Yes, if there is a corresponding note in the library of experience. Famous example: in 1950 at the Monaco Grand Prix, Formula 1 driver Juan Manuel Fangio entered the tunnel. But instead of accelerating as usual, he slowed down. Only hundreds of meters further did he see an accident involving several cars.
So why did he brake so early? The situation was different from usual – his brain had reported this to him. In his library of experience, it was noted that spectators always look at the drivers coming out of the tunnel – this time, however, the heads were turned in the other direction. If he had driven through the tunnel for the first time, there probably wouldn't have been a corresponding note in his library.
Is intuition learnable?
Yes, but only to some extent. Someone who has been socialized in their life to gain security through arguments and facts will not become a gut person. But they can learn to free themselves a bit from information and give more attention to the inner voice. And practice listening to it. Then you quickly realize that it can also be a reliable source and that you don't always have to make it difficult for yourself.

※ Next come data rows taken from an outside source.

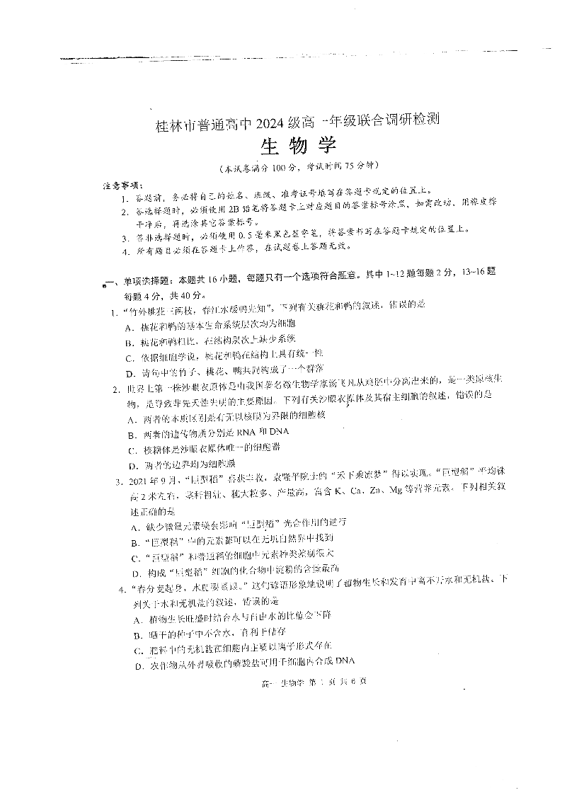 桂林2024年秋季期中联考高一 生物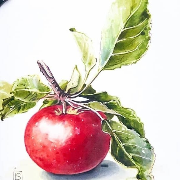 Сначала нарисуем яблоко, а в конце статьи я дам вам ссылку на бюджетные маркеры. Они рисуют так же как бредновые, но стоят в 10 раз дешевле. Бренд из 12 базовых цветов можно купить по цене около 2 тысяч. Но рисуя маркерами, художнику требуются множество дополнительных оттенков. И вы это заметите на фото, где вместе с рисунком показана выкраска нужных цветов. Лично я не пользуюсь брендами, а покупаю обычные маркеры на JOOM. Там за эти же деньги можно купить набор цветов 100 штук!!! Для начинающего художника это очень хорошее подспорье. А пока, приступаем к созданию шедевра (пошагово). Сначала делаем рисунок. Лучше цветными карандашами. Так, когда Вы нанесете сверху маркеры, наброска совсем не будет видно. Можно начинать работу в цвете! Все используемые цвета Вы можете увидеть справа от рисунка. Первым делом наносим самый светлый оттенок в качестве блика на яблочке, и еще один оттенок чуть темнее вокруг блика: Дальше продолжаем "лепить" форму цветом на тон темнее :) Растушевываем пр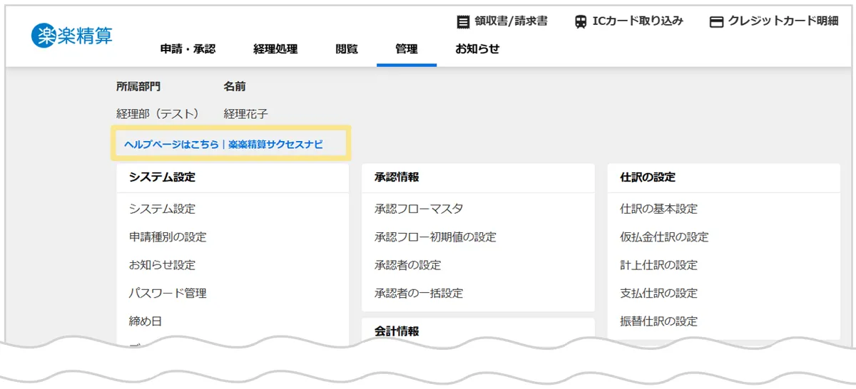「管理」タブ左上の「ヘルプページはこちら|楽楽精算サクセスナビ」から開くことができます。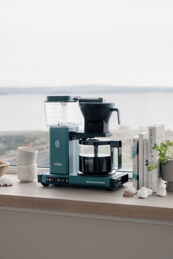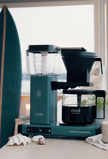 Moccamaster Ocean er en eksklusiv farge inspirert av havet. Ta følelsen av å nyte en nytraktet kopp kaffe ved sjøen inn i hjemmet ditt. Denne modellen har alle tilgjengelige funksjoner, inkludert automatisk dryppstopp, auto-off og den unike Optio-funksjonen for en tilpasset trakteopplevelse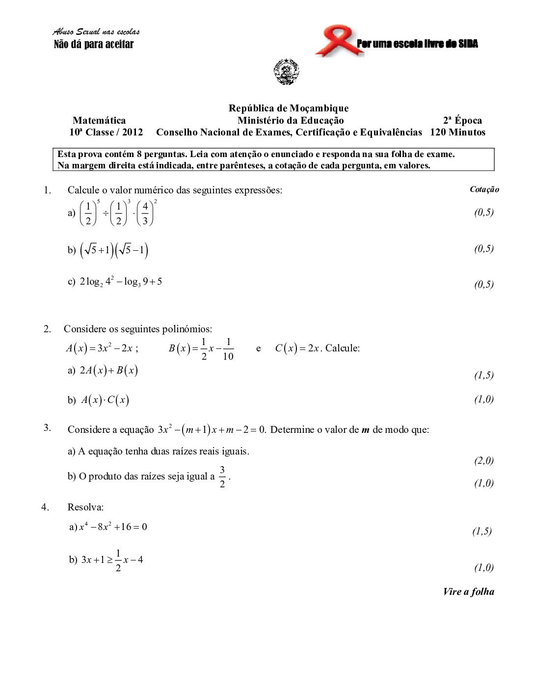 Matemática 2022 – 2ª Chamada da 10ª classe (Enunciado do exame em PDF)
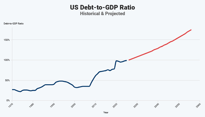 不断扩大的预算赤字将进一步推高国家债务规模——联邦债务总额预计将从2026财年末的39.4万亿美元攀升至2036年的63万亿美元。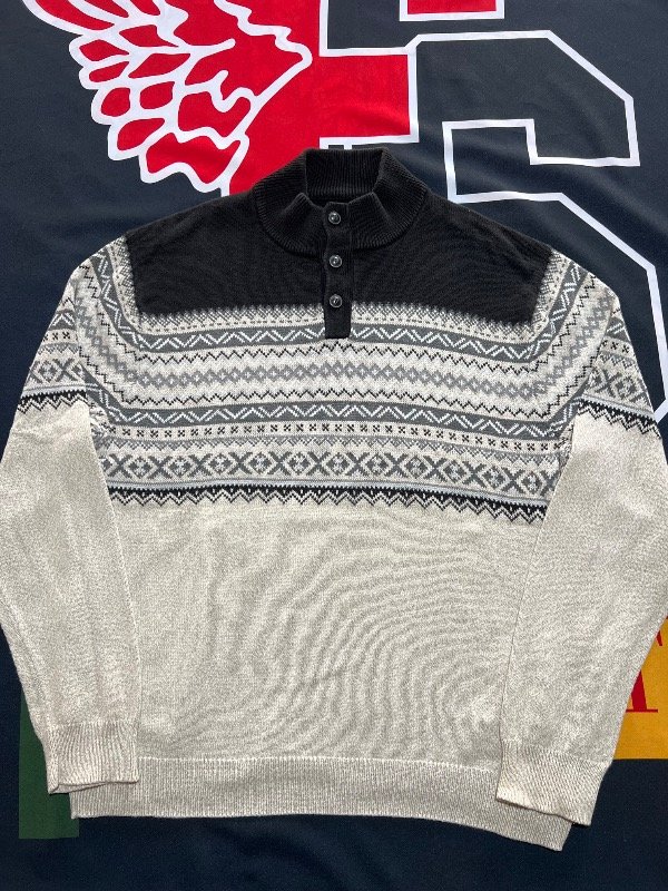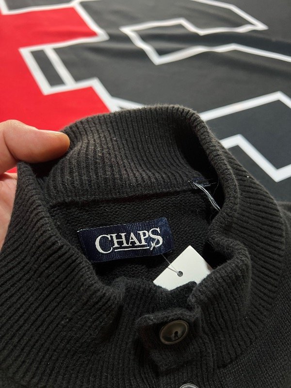 Sweater Chaps con diseño, de algodón. Tiene gamas de colores gris hueso, negro y gris claro.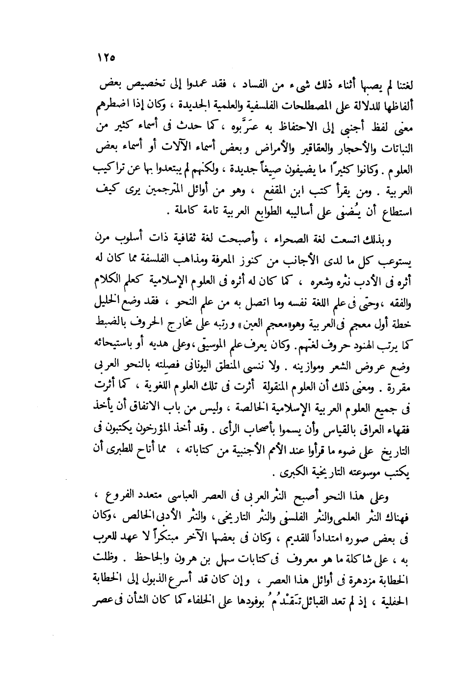 لغتنا لم يصبها أثناء ذلك شيء من الفساد، فقد عمدوا إلى تخصيص بعض ألفاظها للدلالة على المصطلحات الفلسفية والعلمية الجديدة، وكان إذا اضطرهم معنى لفظ أجنبي إلى الاحتفاظ به عربوه، كما حدث في أسماء كثير من النباتات والأحجار، والعقاقير والأمراض، وبعض أسماء الآلات أو أسماء بعض العلوم، وكانوا كثيرا ما يضيفون صيغا جديدة، ولكنهم لم يبتعدوا بها عن تراكيب العربية، ومن يقرأ كتب ابن المقفع، وهو من أوائل المترجمين يرى كيف استطاع أن يضفي على أساليبه الطوابع العربية تامة كاملة.

Can this inner voice be trained?
There is no specific technique, but there must be a willingness to allow intuition. To do this, I must open the fine channel between myself and my experiences.
How do you do that?
First, turn down the volume of life. Today, whether at the bus stop or during lunch break, there is an external voice that clutters us with something. Even while walking in the forest, many listen to an audiobook. How is an inner voice supposed to emerge there?
So, repeatedly create short idle phases where you are also offline. And feel within yourself. You may then hear other voices that nag, worry, or drive you. But they come from the head. Admittedly, distinguishing them requires some practice — but the true, intuitive voice is always benevolent, never critical.
What else helps?
Have many new experiences. And real ones, not virtual: Only the things we experience ourselves and actively immerse in leave deep memory traces. Then the hippocampus puts new books on the shelf and thus archives the raw material from which intuition arises.
What if we are intuitively wrong??
Learn from your mistakes! Take a few minutes at the end of the day and calmly review the relevant decisions. What was my expectation? Did everything go as planned? If not, what could be the reason?
This comparison leads to the books in your library being rewritten in some places and kept up-to-date – an update. Mistakes are therefore unavoidable on the way to expertise. They are useful because they improve our intuition – but only if we deal with them.
An example: The remarkable navigation talent of the Inuit through the eternal ice was described as early as the 19th century. They passed it down from generation to generation – but for about 20 years they have been using GPS systems on the phones. Since then, accidents among young Inuit have increased because the network is not always stable and experience was hardly built up.
Researchers estimate that the orientation knowledge of the Inuit will be lost in two generations. This applies to all of us. Experience-based intuition is primordial and still important for our species today.